The U.S.-based fund was challenging whether the Securities and Futures Commission (SFC) was legally empowered to sue it in the civil courts if it had not been found guilty of any offence in the city's criminal courts or at a market tribunal.
However, the court dismissed the fund's case on Tuesday surprisingly quickly after hearing representations from the fund's lawyers. The judges will provide their reasons at a later date.
The SFC had alleged the fund engaged in insider dealing in the stocks of China Construction Bank Corp and Bank of China Ltd in 2008 and 2009 but was unable to take criminal action against it or its staff since they were all based outside of Hong Kong.
The regulator asked the civil courts to freeze some of the fund's assets and ban it from trading in the city's financial markets.
The case was seen as a major test of the scope of the SFC's authority under section 213 of Hong Kong securities law, which gives the regulator wide powers such as issuing restraining orders and voiding contracts, but had been put to limited use until recent years.
The regulator argues it is vital that it be able to use the courts to obtain these types of remedies, given that so many investors and companies in Hong Kong's markets are based overseas.
"The decision by the Court of Final Appeal vindicates our position and our strategy in seeking remedial orders under section 213," said the SFC's enforcement head, Mark Steward.
Tiger Asia admitted last December to charges brought by the U.S. Securities and Exchange Commission (SEC) of wire fraud in connection with the trades in the Chinese bank shares that the SFC alleged were illegal.
The SEC also charged Tiger Asia's head trader, Raymond Park, with insider trading. Park and the fund's founder Sung Kook Bill Hwang agreed to settle the SEC's charges without admitting or denying them.
When the SFC first took its case against Tiger Asia to Hong Kong's Court of First Instance in April 2010, it was rejected.

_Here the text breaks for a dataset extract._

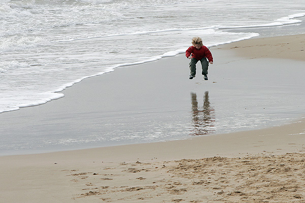 This photograph of a child playing on the beach in the winter suggests that he is really enjoying his freedom. The photograph was taken from quite a height (maybe 25 feet) to isolate the sand from the confusing background and the fact that he is nearer the right of the frame suggests that he has a lot more room to head into. The oldest rule about composition – the rule of thirds – is being observed.

The judge ruled that the city's criminal courts or Market Misconduct Tribunal first had to determine whether the fund had committed any wrongdoing.
That was overturned last year in the Court of Appeal, and Tuesday's ruling means that Tiger Asia can take the case no further.
The fund, which managed as much as $5 billion at its peak, was spun off from fund guru Julian Robertson's Tiger Management, one of the world's largest hedge funds in the late 1990s. Robertson returned investor money in 2000 and focused on investing his own earnings in funds managed by his protégées, known on Wall Street as "Tiger Cubs".
Tiger Asia announced that it would return money to investors by the end of last August because of the prolonged investigation in Hong Kong.